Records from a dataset
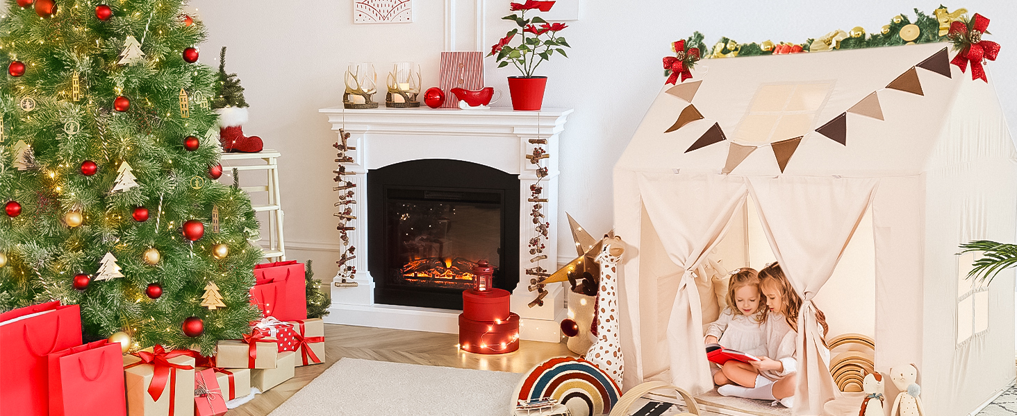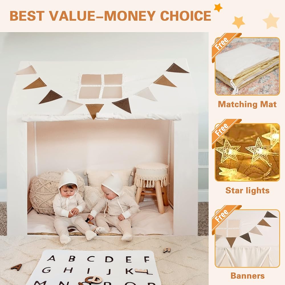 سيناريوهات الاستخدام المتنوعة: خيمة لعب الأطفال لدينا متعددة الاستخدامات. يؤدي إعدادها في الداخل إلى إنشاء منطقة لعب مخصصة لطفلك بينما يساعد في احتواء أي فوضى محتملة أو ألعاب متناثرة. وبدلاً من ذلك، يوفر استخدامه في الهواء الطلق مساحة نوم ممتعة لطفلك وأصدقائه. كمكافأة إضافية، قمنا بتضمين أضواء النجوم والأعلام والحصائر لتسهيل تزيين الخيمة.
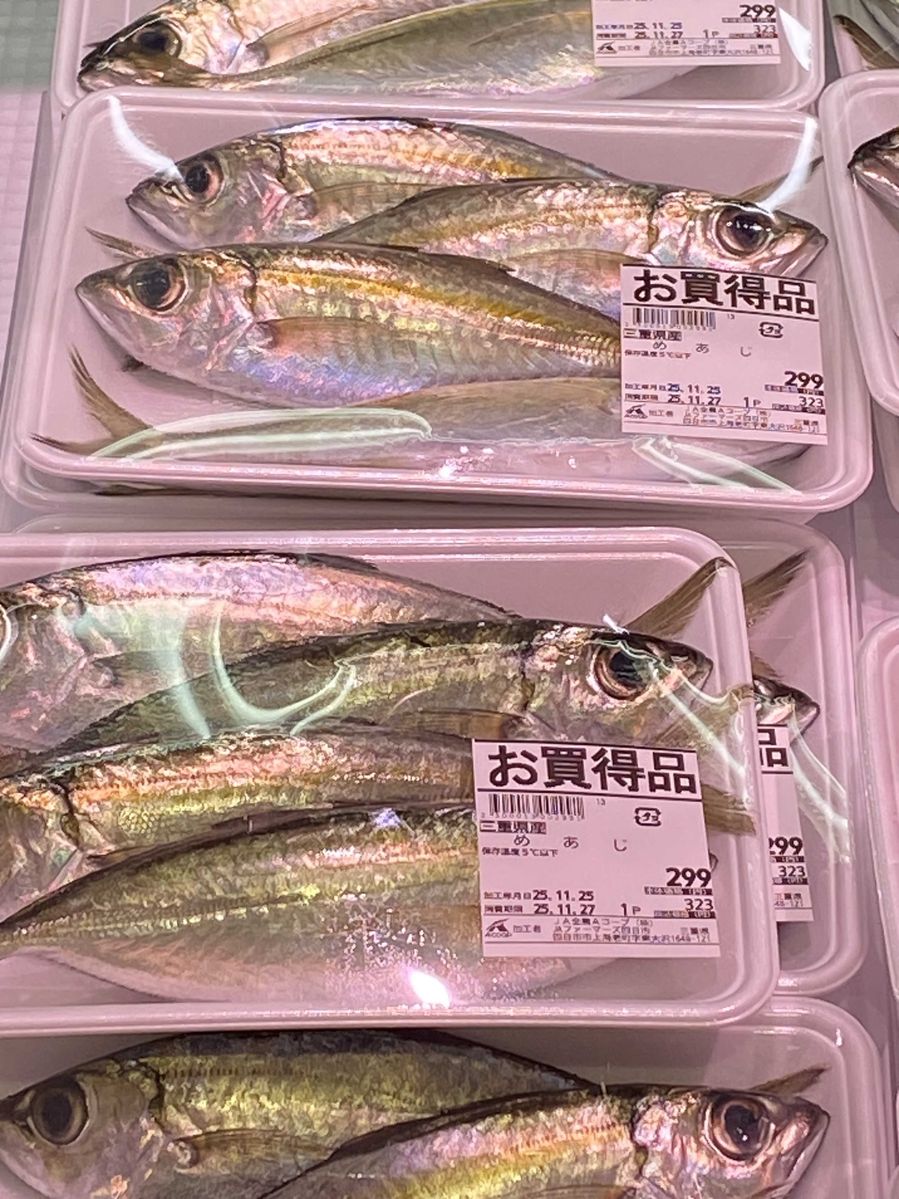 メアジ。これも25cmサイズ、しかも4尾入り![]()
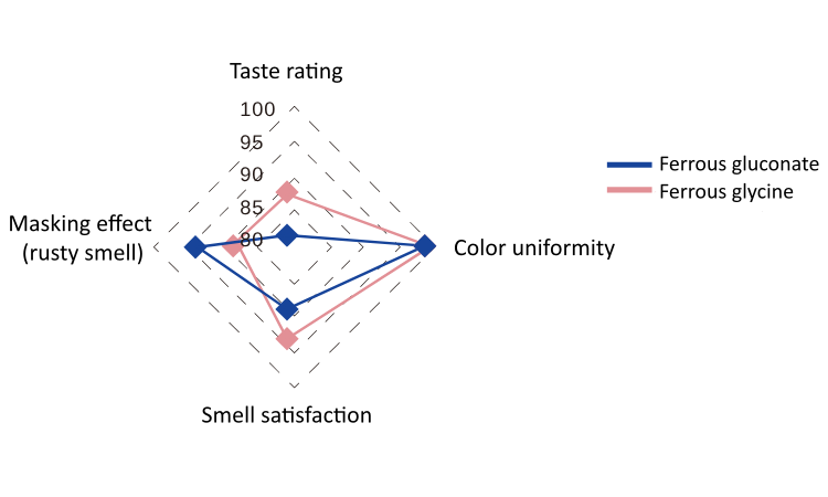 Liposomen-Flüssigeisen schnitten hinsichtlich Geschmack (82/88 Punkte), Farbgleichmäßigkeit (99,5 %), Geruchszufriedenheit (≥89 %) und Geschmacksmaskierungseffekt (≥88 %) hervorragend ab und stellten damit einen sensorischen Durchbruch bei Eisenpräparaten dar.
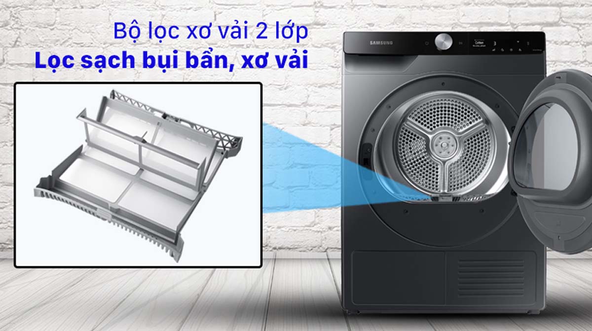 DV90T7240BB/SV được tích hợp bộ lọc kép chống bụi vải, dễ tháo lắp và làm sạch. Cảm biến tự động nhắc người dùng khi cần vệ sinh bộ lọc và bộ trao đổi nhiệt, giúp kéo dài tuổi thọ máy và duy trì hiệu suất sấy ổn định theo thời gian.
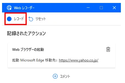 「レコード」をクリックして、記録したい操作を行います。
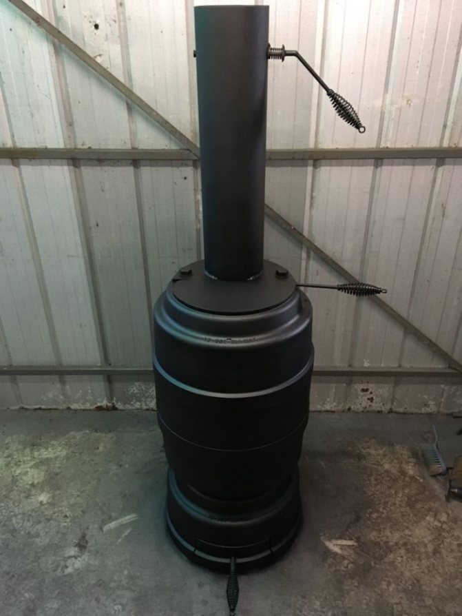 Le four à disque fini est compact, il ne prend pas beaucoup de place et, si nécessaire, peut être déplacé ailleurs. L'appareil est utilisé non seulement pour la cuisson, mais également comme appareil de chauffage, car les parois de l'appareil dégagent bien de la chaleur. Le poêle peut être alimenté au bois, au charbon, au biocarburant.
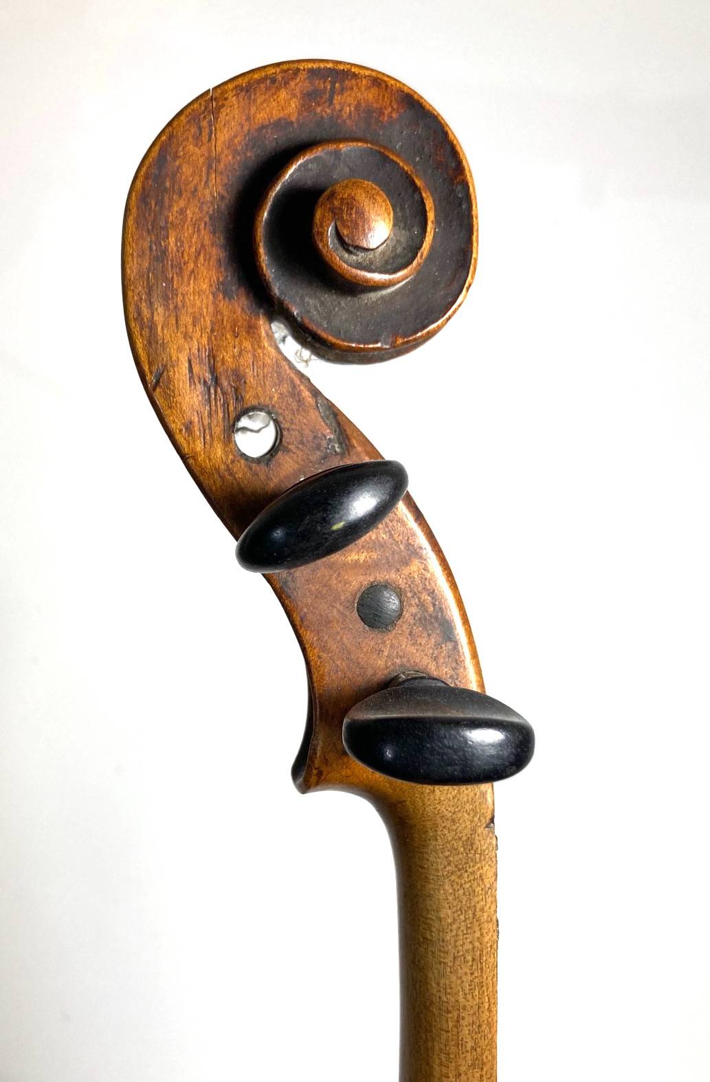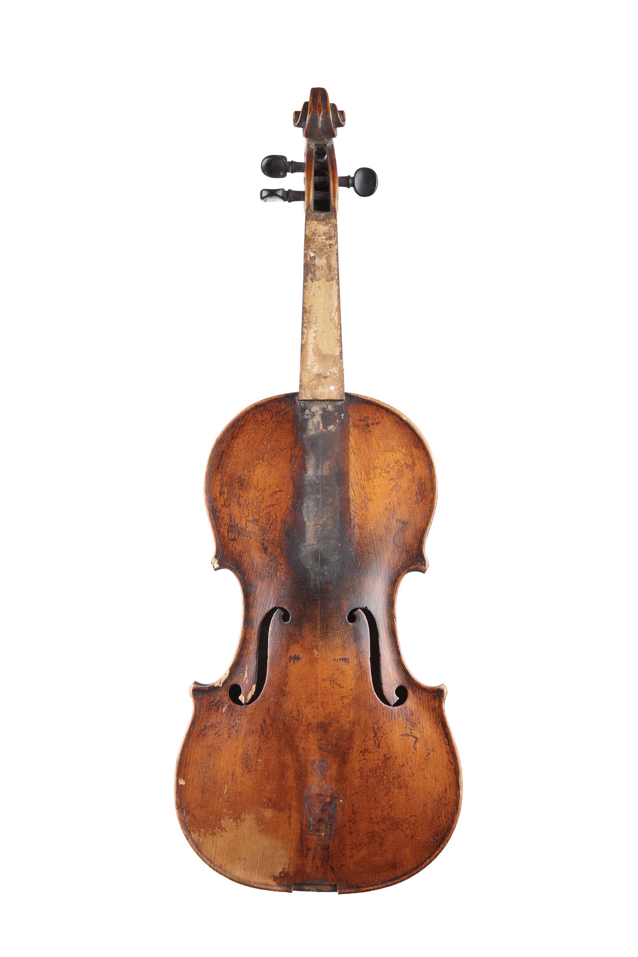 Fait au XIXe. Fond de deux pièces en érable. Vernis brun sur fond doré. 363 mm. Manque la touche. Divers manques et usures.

- **ACTIVITY**: Once the pictures are set aside, give every line above again without alteration.

- **PROBLEM SOLUTION**:
 سيناريوهات الاستخدام المتنوعة: خيمة لعب الأطفال لدينا متعددة الاستخدامات. يؤدي إعدادها في الداخل إلى إنشاء منطقة لعب مخصصة لطفلك بينما يساعد في احتواء أي فوضى محتملة أو ألعاب متناثرة. وبدلاً من ذلك، يوفر استخدامه في الهواء الطلق مساحة نوم ممتعة لطفلك وأصدقائه. كمكافأة إضافية، قمنا بتضمين أضواء النجوم والأعلام والحصائر لتسهيل تزيين الخيمة.
 メアジ。これも25cmサイズ、しかも4尾入り![]()
 Liposomen-Flüssigeisen schnitten hinsichtlich Geschmack (82/88 Punkte), Farbgleichmäßigkeit (99,5 %), Geruchszufriedenheit (≥89 %) und Geschmacksmaskierungseffekt (≥88 %) hervorragend ab und stellten damit einen sensorischen Durchbruch bei Eisenpräparaten dar.
 DV90T7240BB/SV được tích hợp bộ lọc kép chống bụi vải, dễ tháo lắp và làm sạch. Cảm biến tự động nhắc người dùng khi cần vệ sinh bộ lọc và bộ trao đổi nhiệt, giúp kéo dài tuổi thọ máy và duy trì hiệu suất sấy ổn định theo thời gian.
 「レコード」をクリックして、記録したい操作を行います。
 Le four à disque fini est compact, il ne prend pas beaucoup de place et, si nécessaire, peut être déplacé ailleurs. L'appareil est utilisé non seulement pour la cuisson, mais également comme appareil de chauffage, car les parois de l'appareil dégagent bien de la chaleur. Le poêle peut être alimenté au bois, au charbon, au biocarburant.
 Fait au XIXe. Fond de deux pièces en érable. Vernis brun sur fond doré. 363 mm. Manque la touche. Divers manques et usures.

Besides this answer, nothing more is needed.